Time-bounded delivery¶
# 25 ms batching window (low-latency dashboards), but tolerate up to 5 s of
# retries before giving up.
cfg = Config(
region="us-east-1",
record_max_buffered_time_ms=25,
record_ttl_ms=5_000,
)
Lowering record_max_buffered_time_ms shrinks the aggregator/collector
deadlines uniformly; lowering record_ttl_ms makes the retrier give up
sooner on stragglers.
Throttle policy¶
# Treat every ProvisionedThroughputExceededException as terminal.
cfg = Config(region="us-east-1", fail_if_throttled=True)
Useful for batch jobs that prefer failing fast (so an upstream queue can back off) over filling the record's TTL with retries.
Aggregation off¶
# Records already > 100 KiB each — aggregation overhead beats its benefit.

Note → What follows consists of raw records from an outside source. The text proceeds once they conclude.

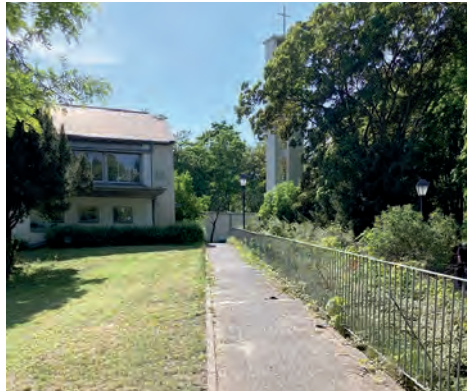
Der Außenbereich um die Himmelfahrtkirche
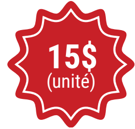
TIP PLASMA No produit 8-7515 Quantité disponible: 31

DES ÉCONOMIES RÉELLES ! DU STOCK PRÊT À PARTIR !
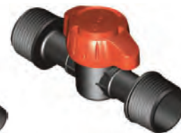
Rosca Macho 3/4"
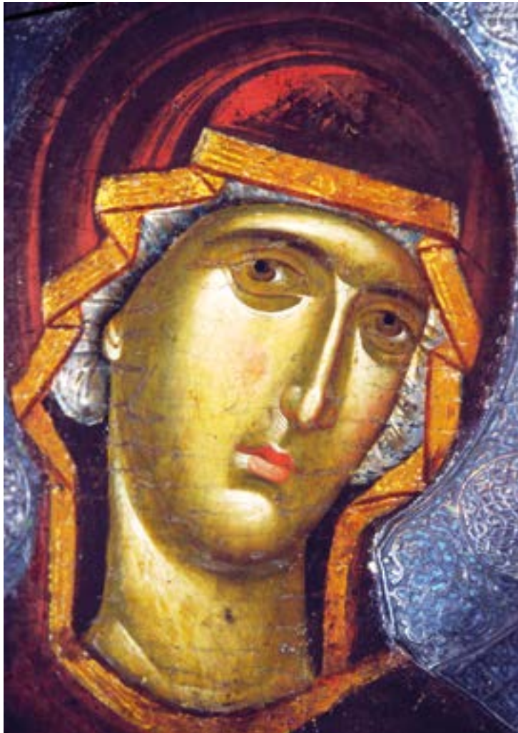
Икона Божией Матери «Душеспасительница» (Психосострия). 1312–1325 годы. Византия. Фрагмент. Национальный музей. Охрид. Македония.

О, всепéтая Мати, Пречíстая Госпоже́, Дéво Богорóдице! К Тебе́ возвождú душе́вныя и телéсныя очи, к Тебе́ простираю разсла́бленныя рúце и из глубины́ сёрдца вопию́: призри на véру и смире́ние души́ моея́, покры́й мя всемо́щным омо́фором Твоимъ, да избáвлюся от все́х бéd и напа́стей.

cfg = Config(region="us-east-1", aggregation_enabled=False)
The Aggregator falls back to single-record mode: one user record per Kinesis record, original partition key preserved. The Collector still batches and the Limiter still rate-limits.
Troubleshooting¶
"I get RuntimeError: Producer is closed"¶
You called put_record after __aexit__ ran (e.g. outside the async with
block). The producer is single-use — wrap your work in async with.

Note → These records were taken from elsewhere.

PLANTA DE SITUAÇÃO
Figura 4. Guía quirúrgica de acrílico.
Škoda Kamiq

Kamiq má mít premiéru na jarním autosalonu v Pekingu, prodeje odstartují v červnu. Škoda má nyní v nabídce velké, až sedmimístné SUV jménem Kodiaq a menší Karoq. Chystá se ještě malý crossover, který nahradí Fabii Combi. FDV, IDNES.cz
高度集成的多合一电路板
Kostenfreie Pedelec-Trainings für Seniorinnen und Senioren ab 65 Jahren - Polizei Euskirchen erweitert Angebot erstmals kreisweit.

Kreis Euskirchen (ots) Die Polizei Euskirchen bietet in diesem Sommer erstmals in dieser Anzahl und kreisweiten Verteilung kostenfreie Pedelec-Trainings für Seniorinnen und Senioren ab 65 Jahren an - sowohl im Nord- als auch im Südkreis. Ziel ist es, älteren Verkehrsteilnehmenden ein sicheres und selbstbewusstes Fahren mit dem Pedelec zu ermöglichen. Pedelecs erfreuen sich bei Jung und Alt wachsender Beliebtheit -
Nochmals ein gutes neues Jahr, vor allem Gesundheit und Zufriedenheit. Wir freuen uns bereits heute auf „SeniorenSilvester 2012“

"All my records are going to one shard"¶
Your partition keys lack entropy. aiokpl predicts the shard from
md5(partition_key) — if you pass the same key (or a small set of keys),
records concentrate on the same predicted shard and you hit the 1000 rec/s
/ 1 MiB/s limit. Fix: use a per-record key (user id, event id, hash of the
payload). If you must control routing yourself, pass explicit_hash_key= —
the producer uses that integer directly.
"Throughput is lower than I expected"¶
Three usual suspects, in order:
- Aggregation is off when it didn't have to be — flip
aggregation_enabled=True. With small records (< 1 KiB), aggregation pushes per-PutRecordsthroughput up by 10–50×. - Shard count is the cap. Kinesis is 1000 rec/s + 1 MiB/s per shard. Predicted shards that route to the same physical shard share that budget. Add shards or improve key entropy.

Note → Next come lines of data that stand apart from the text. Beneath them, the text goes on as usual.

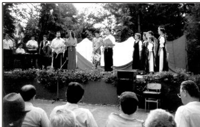
Az ünnepi műsor néhány szereplője

de aki messzebbre lát a töbinél, néha arra kárhoztatik, hogy a többiek ellenére cselekedjék. Az a döntés akkor nem volt olyan könnyű. Az a kéz akkor kemény volt, de visszanezve ezer év távlatából, hálásan gondolunk akkori királyunkra és a mai napig nagy tisztelettel emlékezünk meg róla.
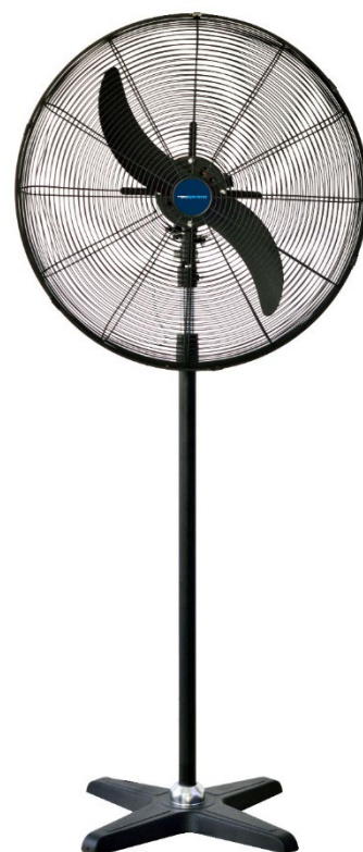
Mod. BDFP 650-750-TWB
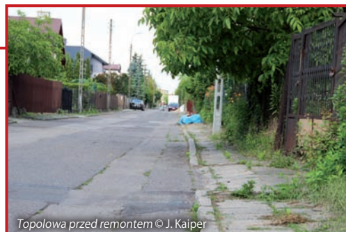
Topolowa przed remontem

Dziurawa jezdnia, chodniki rozjeżdżone i powykrzywiane od korzeni. Niedługo wszystko się zmieni, podpisano umowę na „Przebudowę ul. Topolowej we wsi Rybie gm. Raszyn” w trybie przetargu nieograniczonego ze zwycięską firmą: MMDB Tomasz Kowalski z Warszawy. Przebudowana Topolowa, o długości 557 metrów, będzie miała jezdnię o szerokości 5,5 m, z szarej kostki, a podjazdy do posesji z czerwonej. Przewidziano również, co ucieszy mieszkańców, przebudowę kanału deszczowego. Od 30 września br., za 616 749 zł, z pięcioletnią gwarancją, Topolowa stanie się jedną z piękniejszych ulic Gminy Raszyn. Ale nic za darmo, mieszkańców czekają, niestety, utrudnienia.
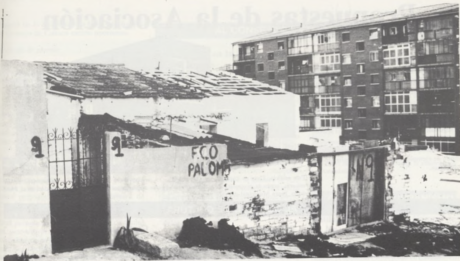
Infravivienda del barrio de El Carmen, que desaparecerá con el Plan de reforma interior, que caba de aprobar inicialmente el Ayuntamiento.
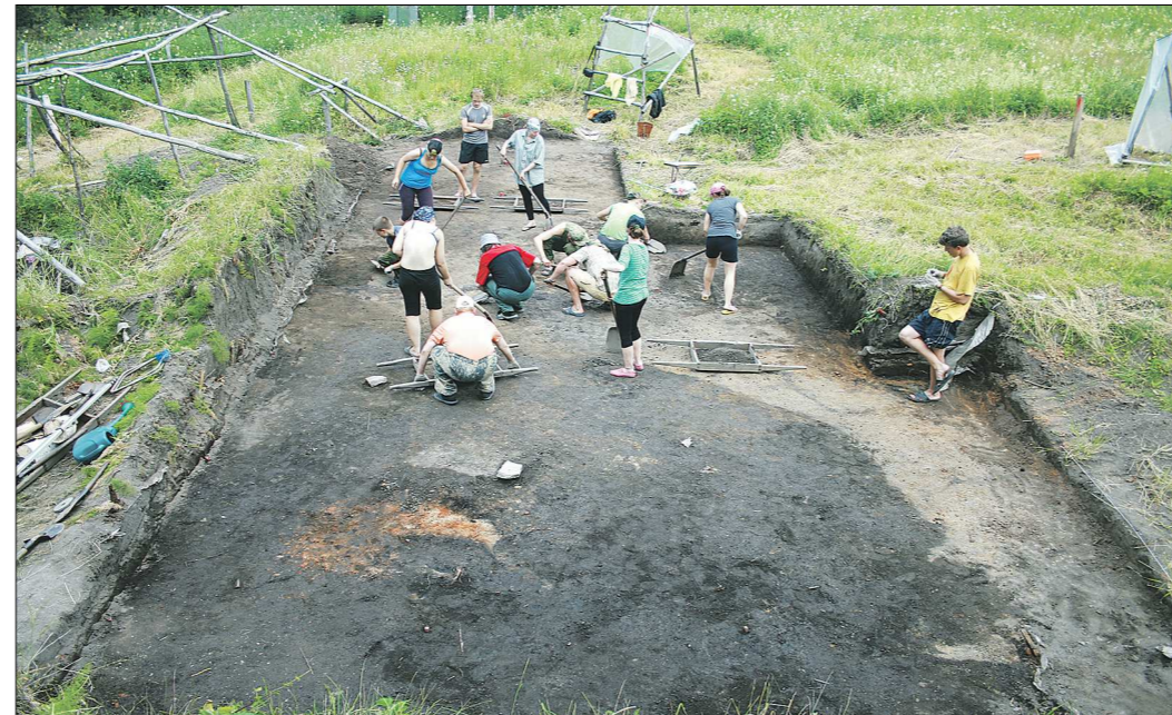
Кокшаровский холм, 2013 год. Святилище эпохи неолита. Процесс раскопок

— Клады попадают не часто. Ведь желание что-то спрятать появляется лишь в случае приближающейся опасности и нежелании делиться ценностями. В ранних эпохах, при коллективной собственности на средства производства и распределение продукта, накопить богатство не представлялось возможным. Да и военных столкновений было мало — отбирать того нечего. С появлением бронзы всё изменилось. Бронза стала крайне ценным предметом. Так
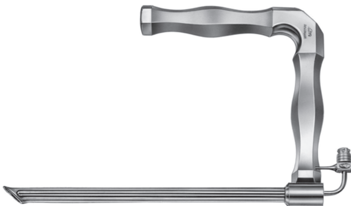
10400900 上部食道鏡 小野氏 成人用 a 190

max_outstanding_recordsis too low. Ifput_recordcalls are blocking on the semaphore, raise it.
"Records are timing out"¶
Look at result.attempts[-1].error_code == "Expired". The record aged past
record_ttl_ms before the Sender could push it. Either raise record_ttl_ms,
add shards, or reduce upstream rate.
"Outcomes never resolve"¶
The most common cause: you exited the async with block without awaiting
the outcomes. Once __aexit__ returns, the background task group is gone
and no further classification happens. Either await outcome.wait() inside
the block, or hold an asyncio.gather/anyio.create_task_group over all
outcomes before exiting.
"OTel/Datadog sink import error"¶
ImportError: OpenTelemetrySink requires … or the Datadog equivalent. You
installed the base aiokpl without the extra. Fix:
"kinesis-mock works in tests but real AWS doesn't"¶
Three things differ between the emulator and prod:
- Credentials. Real AWS expects a valid principal; the default chain needs an env var, profile, IRSA role, or instance metadata. The test harness uses hard-coded fakes.
- Region.
kinesis-mockignores it; real AWS does not. Match the region of your stream. endpoint_url. Leave itNoneagainst real AWS; it only exists for emulators and VPC endpoints.
"Memory grows over time"¶
A leak typically points at max_outstanding_records. If a record never
reaches a terminal state (network black hole, no flush(), very large
record_ttl_ms), its Outcome stays in the pending dict. Either lower
record_ttl_ms so stuck records expire, or lower
max_outstanding_records so the semaphore caps the queue length.